I know not why God’s wondrous grace
To me He hath made known,
Nor why, unworthy, Christ in love
Redeemed me for His own.
I know not… how an old hymn can speak so powerfully to me. I last remember singing this in church as a child perhaps 60 years ago. I love the outdated language…
When I heard it recently I discovered I still knew all of the words; the old became renewed, resonating with me again.
I know not how this saving faith
To me He did impart,
Nor how believing in His word
Wrought peace within my heart.
I know not… the depth of meaning in Christian truth. As a young man I was well taught… I learnt about grace, redemption, repentance, faith, belief…
As I’ve got older I realise that I’ve only scratched the surface in understanding the way God brings his love and peace; how I can know and experience Him in my ordinary, daily life.
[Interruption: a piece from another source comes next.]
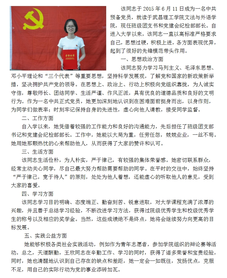 该同志努力学习和了解党和国家的新政策新举措,坚决拥护共产党的领导。在思想上、政治上、行动上积极向党组织靠拢,为人诚实守信,尊敬师长、团结同学生活严谨作风正派,具有优良的道德品质和良好的文明行为。作为一名中共正式党员,她更加深刻地认识到在困难面前挺身而出,以身作则,为同学们做表率;时刻牢记保持自身的先进性,虚心向他人请教,接受同学监督。自入学以来,她凭借着较强的工作能力和良好的沟通能力,先后担任了班级团支部书记和党建会纪检部部长。工作中,她能以大局为重,任劳任怨,兢兢业业,一丝不苟她用她那颗热忱的心来帮助他人,从而获得了大家的赞许和认可。该同志生活俭朴,为人朴实,严于律己,有较强的集体荣誉感。她密切联系群众,经常主动关心同学,尽自己最大努力帮助需要帮助的同学。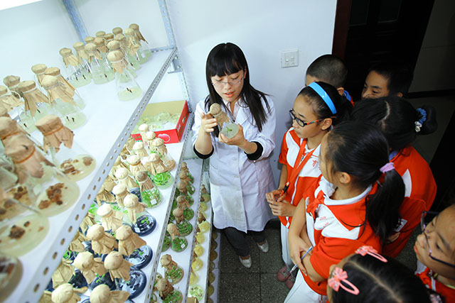 在分组参观实践过程中,我们为同学们安排了有趣的化学反应相关知识介绍及演示;从植物中提取分离有效成分的实物展示讲解,旋转蒸发仪、冷冻干燥机仪器的介绍;药理学知识的简介,动物学习记忆实验视频演示,显微镜观察正常细胞及癌变细胞等,实验动物小鼠的近距离观察;以及生物合成有关知识简介,药用植物等的快速培养……一系列同学们感兴趣的内容。最后,五年级的同学们还深入天然药物活性物质与功能国家重点实验室有关课题组实验室,进行了进一步的参观学习。

I know not what of good or ill
May be reserved for me,
Of weary ways or golden days,
Before His face I see.
I know not… how many years and months I have left. I can’t predict the future health of myself or my family… physically, spiritually, emotionally…
Time and again I’ve seen how random life and death are – the mixture of ‘weary ways and golden days’ is all too familiar.
But “I know Whom I have believed
And am persuaded that He is able
To keep that which I’ve committed
Unto Him against that day.”
But I know… despite all my insecurities and uncertainties I know… It’s a contradiction, a paradox…The more I know about life and faith the more I realise I don’t know; the more I realise I don’t know the more confident and sure I become…
It’s this conviction, that I can and will commit my life to the God who loves me and will look after me, that gives me security and hope.